Stalker es muy conocida entre los cinéfilos debido a la adaptación homónima que el director ruso Andrei Tarkovsky realizó en 1979. Pero, al igual que Blade Runner, poco tiene que ver con el libro original. No sé ni si quiera si podría decirse que mantienen parecidos de familia. A pesar de que en los créditos de la película el guión está firmado por los hermanos Strugatski, poco o nada influyeron en las decisiones de Tarkovsky. Tanto da. La película es maravillosa y Boris Strugatski nunca se cansó de decirlo. Pero si Stalker de Tarkovsky busca la trascendencia, el enfrentamiento entre arte, ciencia y fe, Pícnic Extraterrestre trata los límites de nuestra imaginación y la búsqueda de la dignidad en un mundo indigno.
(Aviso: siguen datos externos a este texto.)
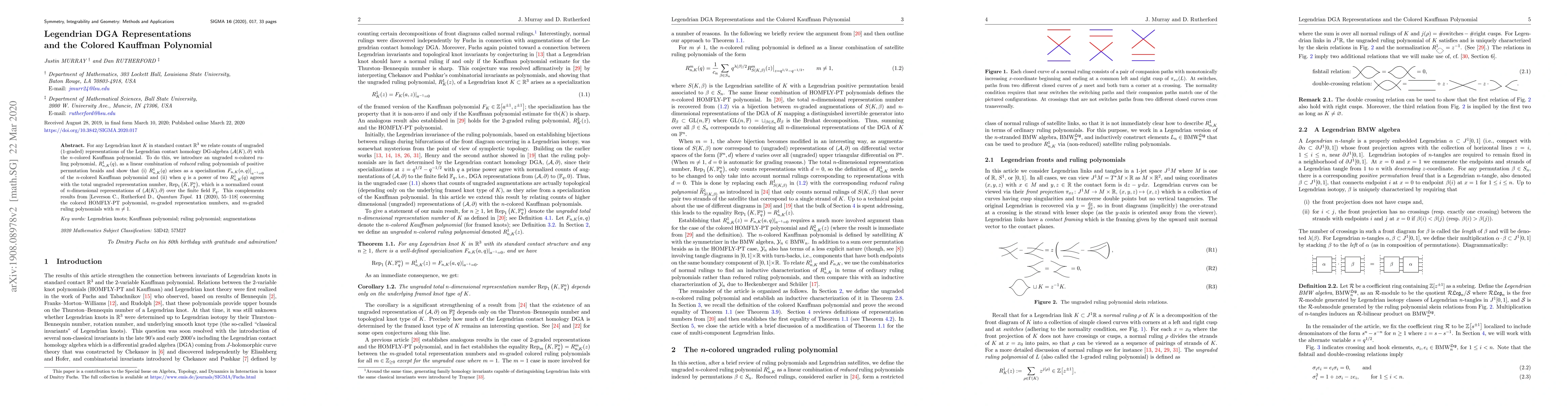This paper establishes a connection between counts of ungraded representations of Legendrian contact homology DG-algebras for Legendrian knots and the n-colored Kauffman polynomial. It introduces an ungraded n-colored ruling polynomial that matches the n-colored Kauffman polynomial under specific conditions and agrees with the total ungraded representation count over finite fields when q is a power of two.

La trama de Pícnic Extraterrestre es sencilla. Lo que parece ser una raza alienígena realiza una visitación en puntos aleatorios de la Tierra. Nadie logra ver a estos seres, pero cada persona que trata de acercarse allá donde estuvieron encuentran un lugar repleto de trampas mortales. Esta situación obliga al éxodo. El ejercito, impotente ante lo desconocido, decide aislar estos lugares, que se denominan en el argot local como la Zona. Semanas después de que se cierre la Zona (hablaré en singular, pero la novela especifica que existen varias zonas) desaparece la supuesta presencia alien. Allí solo quedan los restos de su paso: artefactos incomprensibles que nadie es capaz de averiguar para qué sirven pero que son codiciados tanto por la ciencia como por un mercado negro que se organiza en torno a la Zona. Los stalkers son las personas que han profesionalizado el internarse en la Zona para rescatar los despojos alienígenas. Una actividad que la mayor parte de las veces resulta mortal. Para ellos el riesgo merece la pena por la sumas de dinero exorbitadas que se pagan por las baratijas. La basura extraterrestre es el maná del pobre.
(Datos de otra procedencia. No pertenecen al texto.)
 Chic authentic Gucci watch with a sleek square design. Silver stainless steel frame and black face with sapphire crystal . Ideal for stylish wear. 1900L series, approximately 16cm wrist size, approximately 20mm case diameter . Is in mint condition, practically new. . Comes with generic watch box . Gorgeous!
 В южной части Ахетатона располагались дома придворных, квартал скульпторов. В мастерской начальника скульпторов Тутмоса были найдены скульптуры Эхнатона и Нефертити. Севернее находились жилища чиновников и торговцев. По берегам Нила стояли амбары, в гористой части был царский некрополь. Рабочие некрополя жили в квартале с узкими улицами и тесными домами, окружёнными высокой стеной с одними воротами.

Cabe aclarar que no estamos ante una novela sobre primeros encuentros, ni tampoco ante una historia postapocalíptica. Si las novelas de primeros encuentros ahora están bastante pasadas de moda, el que tampoco corresponda al segundo arquetipo lleva a pensar en que Pícnic Extraterrestre es, sobre todo, una novela de poco interés para el lector del siglo XXI, posiblemente más interesado en las actuales formas de representar un apocalipsis inminente, como sería el caso de La Carretera de Cormac Mccarthy. Pero algo más de cuarenta años después de que se escribiese, Stalker aguanta el pulso de lo actual por lo sugerente de su propuesta y las meritorias y geniales pinceladas que los Strugatski supieron dejarnos.
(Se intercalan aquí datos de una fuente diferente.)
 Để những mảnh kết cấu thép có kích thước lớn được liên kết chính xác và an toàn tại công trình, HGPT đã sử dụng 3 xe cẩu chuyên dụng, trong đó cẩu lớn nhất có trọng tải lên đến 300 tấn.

Esta edición de Gigamesh incluye un postfacio escrito por Boris Strugatski en donde explica todas las dificultades que tuvieron para publicar la novela. De las palabras de Boris se infiere rabia y desconcierto ante tanta injustificada reticencia sobre la publicación de la novela (tardaron ocho años en que se les concediera el permiso) cuando ésta no atentaba contra la ideología imperante en la URSS. Es más, pese a que Pícnic extraterrestre esté bastante lejos del panfleto (afortunadamente) a nadie se le escapa la crítica al modo de vida burgués y al capitalismo en un sentido que asemeja a Madre Coraje de Bertold Brecht, salvando mucho las distancias.
La gente que decide vivir en el pueblo que rodea la Zona se convierten en seres detestables conforme entran y salen de este lugar prohibido; consiguen considerables sumas de dinero vendiendo los artefactos a científicos y mafiosos. Mientras que para Tarkovsky la Zona es un lugar de esperanza, en Stalker, Pícnic Extraterrestre ésta es un sumidero de caos y de oportunidades de negocio basados en la muerte. La codicia provoca que la Zona sea un picadero de carne de jóvenes en busca de una oportunidad en la vida; no solo para salir de la miseria, sino para adquirir el modo de vida estereotipado del capitalista: el dominio a través del poder económico establecido mediante redes clientelares de intermediación entre compra y venta de materiales, además de la explotación de otros stalkers para beneficio propio. En ese sentido, Stalker puede leerse como algo recién escrito: entre el personaje del ex stalker el Buitre y las aves de rapiña que han hecho de Valencia su cortijo, las diferencias son escasas. Además, la traducción de Raquel Marqués es fresca y conserva ese hablar cotidiano que fue la intención principal de los Strugatski. Mención especial merece el uso de la jerga que los stalkers utilizan para referirse a los objetos y peligros de la zona: desde los “tolchocos”, “cancrillos”, “quijoteras” y “crobo rojo rojo” de La Naranja Mecánica, no había disfrutado de palabras tan sugerentes para describir objetos inimaginables. Así el lector se encontrará con adorables expresiones como “gelatina de bruja”, “asís”, “vacío”, “claro de mosquitos”, “picazones” o “La Bola Dorada”, el objeto que todos piensan que cumple tus deseos más inescrutables.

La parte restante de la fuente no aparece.